* ASSIGNED TASK: Starting at the line that contains "Avec ce recueil" and ending at the final line of the entries below, write out each line exactly as it appears, but omit the pictures.

Collection entries

────────────────────────────────────────

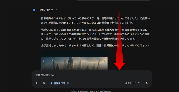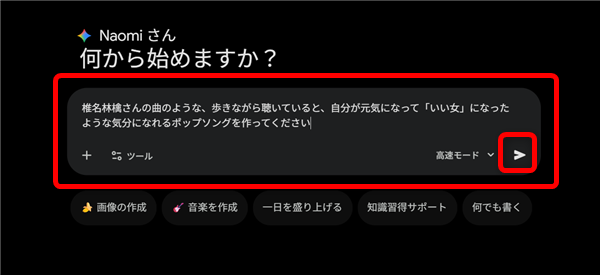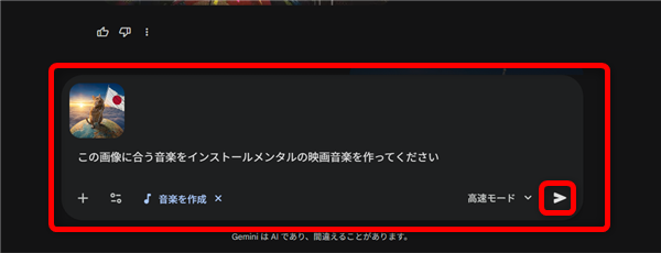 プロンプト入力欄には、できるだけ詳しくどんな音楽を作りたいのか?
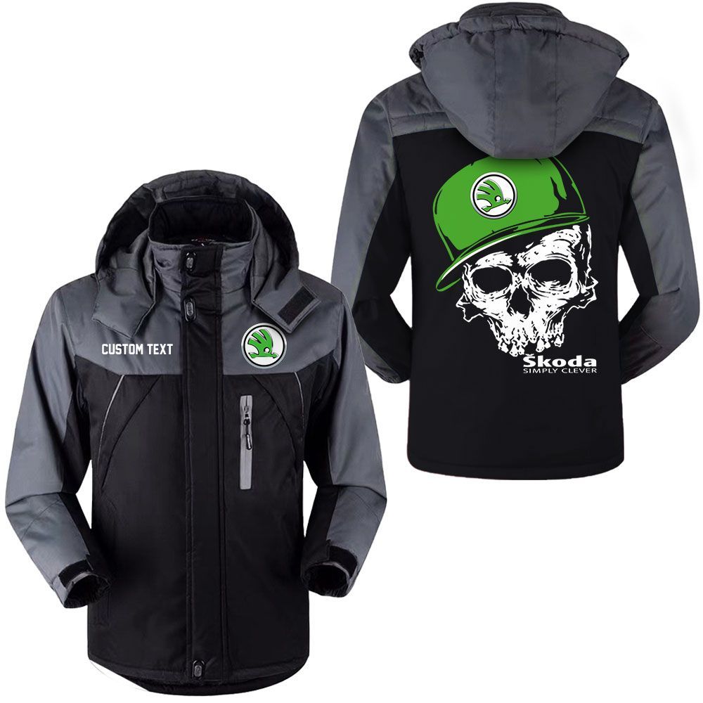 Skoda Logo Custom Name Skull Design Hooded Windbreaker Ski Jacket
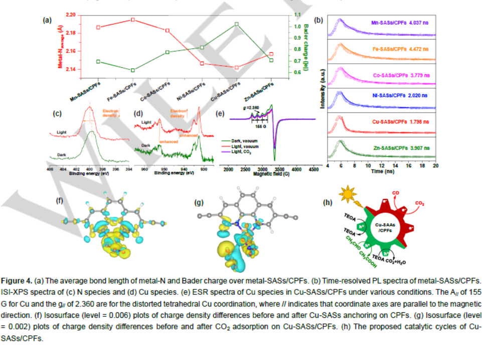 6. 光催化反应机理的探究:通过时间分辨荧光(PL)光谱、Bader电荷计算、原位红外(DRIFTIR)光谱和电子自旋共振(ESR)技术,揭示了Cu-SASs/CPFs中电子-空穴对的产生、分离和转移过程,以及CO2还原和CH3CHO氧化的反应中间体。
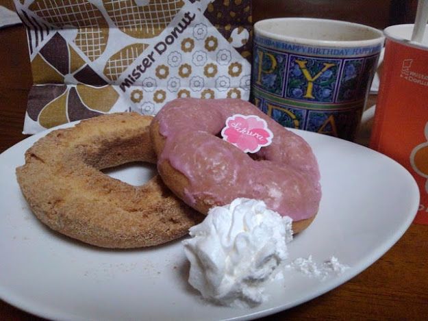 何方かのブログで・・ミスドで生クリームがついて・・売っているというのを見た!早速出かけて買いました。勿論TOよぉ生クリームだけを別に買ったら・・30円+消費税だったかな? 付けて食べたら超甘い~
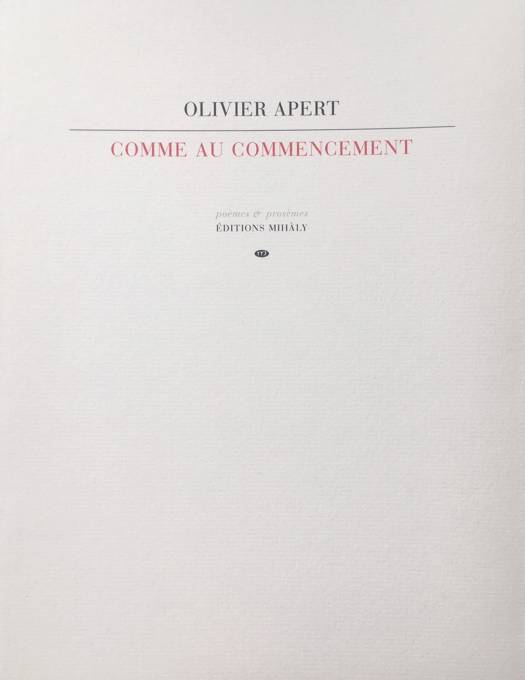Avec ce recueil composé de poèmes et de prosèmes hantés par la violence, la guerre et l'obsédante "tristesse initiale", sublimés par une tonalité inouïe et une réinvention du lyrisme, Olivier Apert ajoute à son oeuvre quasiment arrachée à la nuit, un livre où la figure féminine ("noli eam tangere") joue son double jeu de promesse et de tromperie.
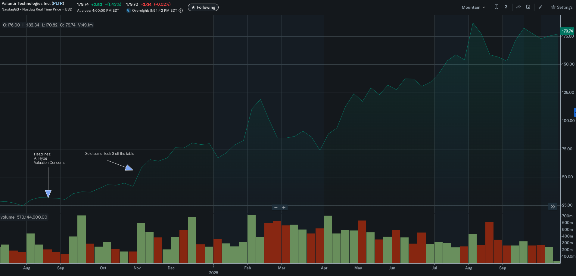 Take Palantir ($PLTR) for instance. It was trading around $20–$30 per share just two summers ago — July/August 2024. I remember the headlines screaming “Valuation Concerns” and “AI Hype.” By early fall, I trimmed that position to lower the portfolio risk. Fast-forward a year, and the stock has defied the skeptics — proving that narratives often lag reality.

────────────────────────────────────────

* SOLUTION BELOW:
Avec ce recueil composé de poèmes et de prosèmes hantés par la violence, la guerre et l'obsédante "tristesse initiale", sublimés par une tonalité inouïe et une réinvention du lyrisme, Olivier Apert ajoute à son oeuvre quasiment arrachée à la nuit, un livre où la figure féminine ("noli eam tangere") joue son double jeu de promesse et de tromperie.
 Take Palantir ($PLTR) for instance. It was trading around $20–$30 per share just two summers ago — July/August 2024. I remember the headlines screaming “Valuation Concerns” and “AI Hype.” By early fall, I trimmed that position to lower the portfolio risk. Fast-forward a year, and the stock has defied the skeptics — proving that narratives often lag reality.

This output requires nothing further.